§ What you are asked to do
Write the records out exactly as they read, but not the pictures.

§ Data shown
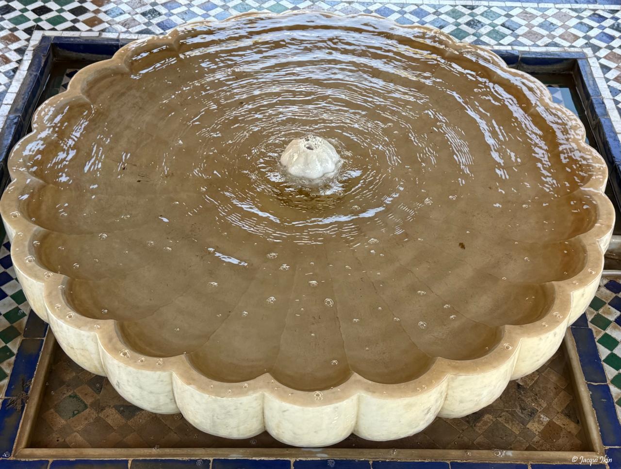 The 11th-century “marble ablutions basin” from the Ben Youssef Madrasa is a masterpiece of Andalusian art originally created in Córdoba for ‘Abd al-Malik, the son of vizier Al-Mansur. Brought to Marrakech in the 12th century, this imported piece is heavily decorated with floral motifs, including acanthus leaves, palms, and animal representations.
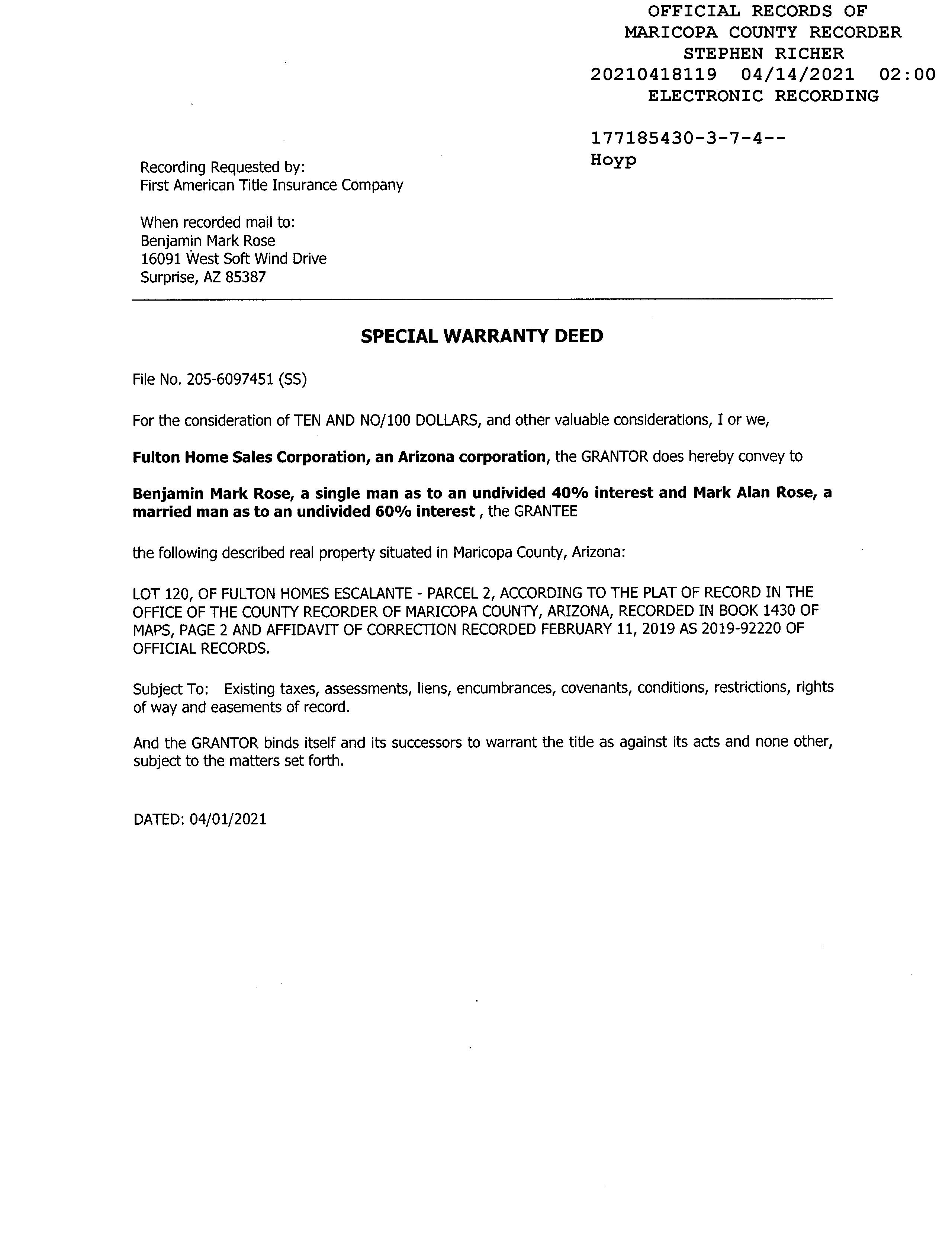 Owner Name: Rose Benjamin Mark /Rose Mark Alan
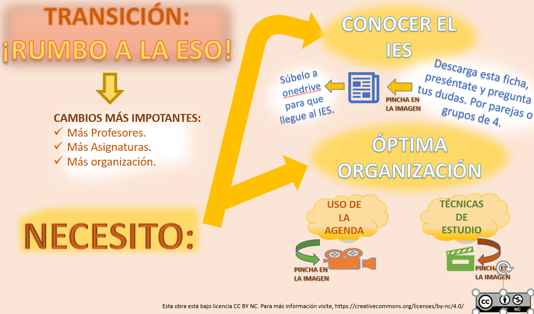 El objetivo de la actividad es acercar al alumnado de 6º de Primaria al Instituto donde estarán matriculados el curso siguiente, que conozcan los cambios más importantes que se van a encontrar y presentarles herramientas con las que van a poder superar dichos cambios. Tendrán que descargar un documento, presentarse y plantear aquellas dudas e inquietudes que tengan acerca del Instituto. También tendrán que visionar dos presentaciones que les permitirán conocer la forma de tener una mayor organización y planificación en sus estudios.
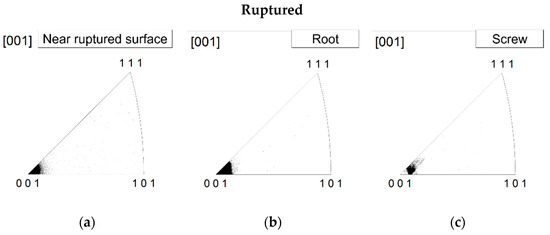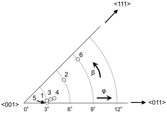 The nominal composition of HESA in this study is 48.0Ni-16.9Co7.5Cr-8.9Fe-0.9Mo-0.5W-5.8Ti-10.3Al-1.2Nb (at. %) [8]. The composition of the alloy after casting was confirmed to be almost the same as the nominal composition by inductivity coupled plasma–optical emission spectrometry (ICP-OES) [11]. The crystal orientations of the single-crystal bars were then measured by the X-ray back Laue method using the X-ray generator (SA-HF3, Rigaku Co., Tokyo, Japan) with a tungsten target. The crystal orientations of the bars are plotted in Figure 1.
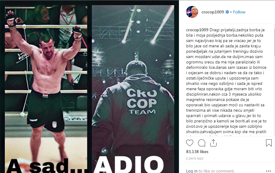 Хорватын цагдаа буюу Мирко Крокоп зодог тайлснаа зарлалаа. Холимог тулааны домог, 44 настай Крокоп өмнө нь хэд хэдэн удаа зодог тайлж байсан ч энэ удаад үнэхээр эргэн ирэхгүй нь бололтой. Крокоп инстаграм хуудсаараа дамжуулан, бэлтгэлийн үеэр цус харваснаа фэнүүддээ хэлж, цаашид тулалдах боломжгүй болсноо зарласан.
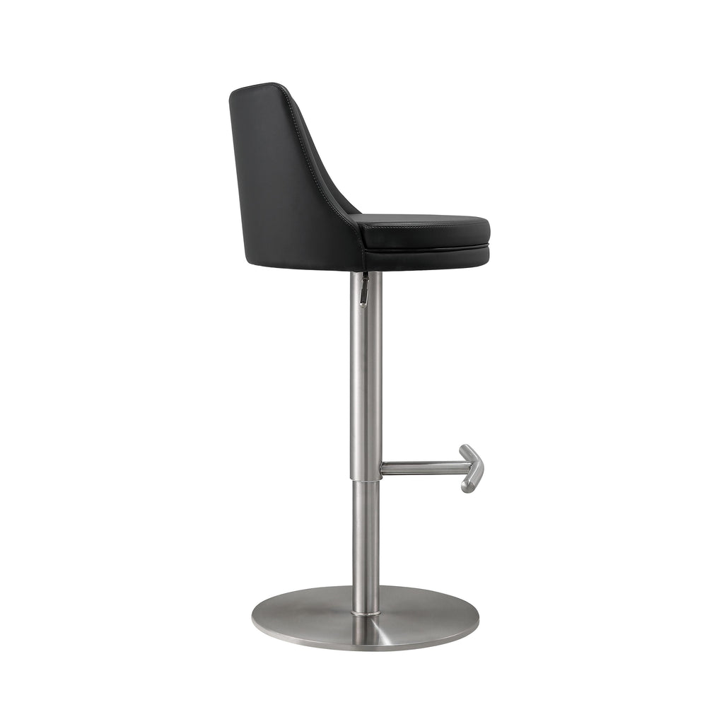 Reagan Black Performance Vegan Leather and Silver Adjustable Stool
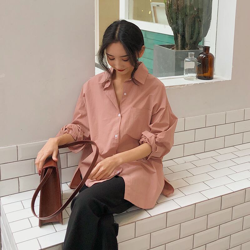 春秋バージョン2020新作ルーズミドル丈スモールホワイトポロカラー長袖シャツ女性カップルトレンド misskkl72343307233
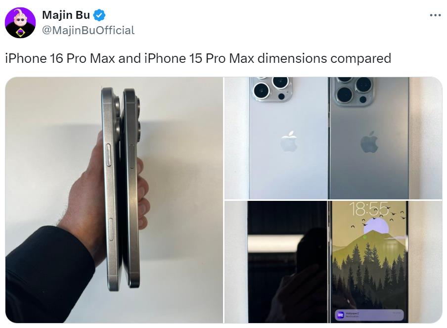 iPhone 16 Pro Max lớn hơn không đáng kể so với iPhone 15 Pro Max. Ảnh: Majin Bu/ X
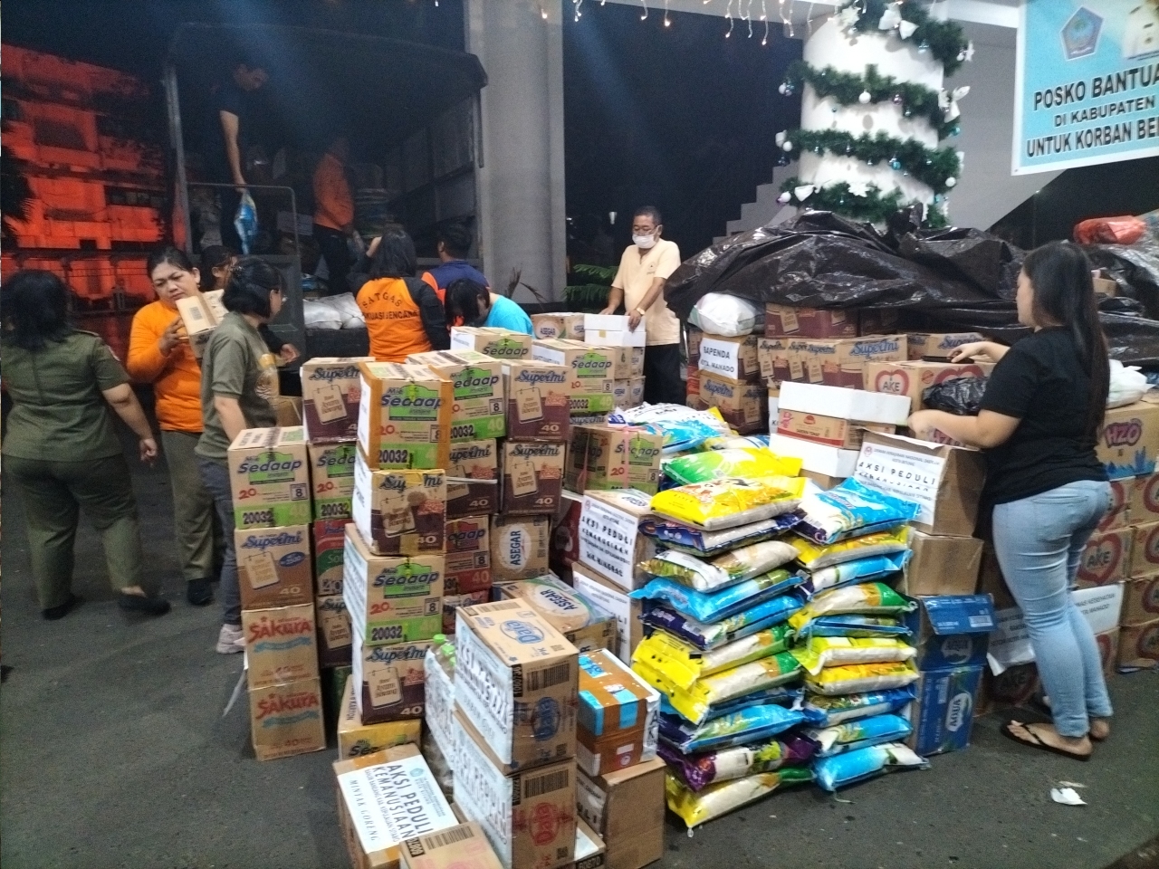“Bantuan yang disalurkan terdiri dari berbagai kebutuhan pokok, di antaranya air mineral, beras, mie instan, pakaian layak pakai, sepatu, ikan kaleng, gula, biskuit, minyak goreng, kasur, popok bayi, pembalut wanita, perlengkapan mandi, susu, serta perlengkapan bayi lainnya,” kata Altin.

§ Output
 The 11th-century “marble ablutions basin” from the Ben Youssef Madrasa is a masterpiece of Andalusian art originally created in Córdoba for ‘Abd al-Malik, the son of vizier Al-Mansur. Brought to Marrakech in the 12th century, this imported piece is heavily decorated with floral motifs, including acanthus leaves, palms, and animal representations.
 Owner Name: Rose Benjamin Mark /Rose Mark Alan
 El objetivo de la actividad es acercar al alumnado de 6º de Primaria al Instituto donde estarán matriculados el curso siguiente, que conozcan los cambios más importantes que se van a encontrar y presentarles herramientas con las que van a poder superar dichos cambios. Tendrán que descargar un documento, presentarse y plantear aquellas dudas e inquietudes que tengan acerca del Instituto. También tendrán que visionar dos presentaciones que les permitirán conocer la forma de tener una mayor organización y planificación en sus estudios.
 The nominal composition of HESA in this study is 48.0Ni-16.9Co7.5Cr-8.9Fe-0.9Mo-0.5W-5.8Ti-10.3Al-1.2Nb (at. %) [8]. The composition of the alloy after casting was confirmed to be almost the same as the nominal composition by inductivity coupled plasma–optical emission spectrometry (ICP-OES) [11]. The crystal orientations of the single-crystal bars were then measured by the X-ray back Laue method using the X-ray generator (SA-HF3, Rigaku Co., Tokyo, Japan) with a tungsten target. The crystal orientations of the bars are plotted in Figure 1.
 Хорватын цагдаа буюу Мирко Крокоп зодог тайлснаа зарлалаа. Холимог тулааны домог, 44 настай Крокоп өмнө нь хэд хэдэн удаа зодог тайлж байсан ч энэ удаад үнэхээр эргэн ирэхгүй нь бололтой. Крокоп инстаграм хуудсаараа дамжуулан, бэлтгэлийн үеэр цус харваснаа фэнүүддээ хэлж, цаашид тулалдах боломжгүй болсноо зарласан.
 Reagan Black Performance Vegan Leather and Silver Adjustable Stool
 春秋バージョン2020新作ルーズミドル丈スモールホワイトポロカラー長袖シャツ女性カップルトレンド misskkl72343307233
 iPhone 16 Pro Max lớn hơn không đáng kể so với iPhone 15 Pro Max. Ảnh: Majin Bu/ X
“Bantuan yang disalurkan terdiri dari berbagai kebutuhan pokok, di antaranya air mineral, beras, mie instan, pakaian layak pakai, sepatu, ikan kaleng, gula, biskuit, minyak goreng, kasur, popok bayi, pembalut wanita, perlengkapan mandi, susu, serta perlengkapan bayi lainnya,” kata Altin.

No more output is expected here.